Ever since I changed my robots.txt
file, I started seeing that my LinkedIn posts no longer had the preview of the article available. I was not sure what the issue was initially, since before then it used to work just fine. In addition to that, I have noticed that LinkedIn’s algorithm has started serving my posts to fewer and fewer connections. I was a bit confused by the issue, thinking that it might have been a temporary problem. But over the next two weeks the missing post previews did not appear.
This is what my LinkedIn posts used to look like: no link preview and little engagement with the post
After doing a quick search, I found a tool called LinkedIn Post Inspector. This tool can show everything that you would want to know about links that you are about to share on the platform. I plugged in my recent article in the tool and it revealed to me the reason why I could no longer see the previews - the robots.txt
file had a directive that would not allow LinkedIn bot to scrape the web pages. This was the error message that I got:
Fair enough! Thinking of it now - it makes so much sense! I should have seen that ahead of time. Whenever you want to post something on LinkedIn or other social media platform, they would need to request the page the link of which you are about to share. These bots need that page in order to get access to the meta tags necessary to create the preview. Those are known as Open Graph meta tags. And it all comes from Open Graph Protocol, which was originally created at Facebook.

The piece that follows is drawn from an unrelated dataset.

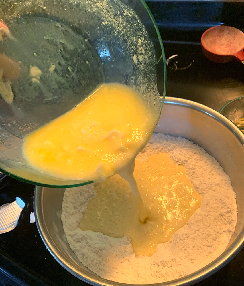 - In a separate bowl, whisk beaten eggs, buttermilk, butter and vanilla. Add wet ingredients to dry ingredients, and stir until just mixed (don’t over stir, or they will get tough.)

According to the OPG website,
The Open Graph protocol enables any web page to become a rich object in a social graph. For instance, this is used on Facebook to allow any web page to have the same functionality as any other object on Facebook.
There are only a few required tags needed to implement this for your web resource. But this protocol is highly extensible and allows for all sorts of media to be used as meta information about your page.
To turn your web pages into graph objects, you need to add basic metadata to your page. We’ve based the initial version of the protocol on RDFa which means that you’ll place additional
<meta>
tags in the<head>
of your web page. The four required properties for every page are:
og:title
- The title of your object as it should appear within the graph, e.g., “The Rock”.og:type
- The type of your object, e.g., “video.movie”. Depending on the type you specify, other properties may also be required.og:image
- An image URL which should represent your object within the graph.og:url
- The canonical URL of your object that will be used as its permanent ID in the graph, e.g., “https://www.imdb.com/title/tt0117500/".
This simple yet powerful protocol is what makes the posts across all of the Internet more presentable and informative.
To turn this issue around I updated my robots.txt to allow LinkedInBot
to crawl my resources. If I would want to start posting on other social media sites and see the previews for the posts, I would need to include those other bots here as well. My new current configuration looks like this:
User-agent: LinkedInBot
Allow: /
User-agent: *
Disallow: /
Turns out that sometimes drastic measures like blocking all crawlers could make content presentation suffer. What I missed when I implemented that change was the fact that I didn’t thoroughly test the impact of blocking all of the traffic like that. Now that I have encountered that issue, it led me to learn more about the Open Graph Protocol and tools like LinkedIn Post Inspector which told me what the problem was.
When working on any feature - no matter how small it is - make sure that you understand the domain in which you are creating the changes. As the practice shows, sometimes that is not how things work out. Initially I did not connect the dots between the OPG and robots.txt prohibitions.
Sometimes you have to break a few eggs before you make an omelet. Well… you always have to break some eggs to make an omelet… You get the point.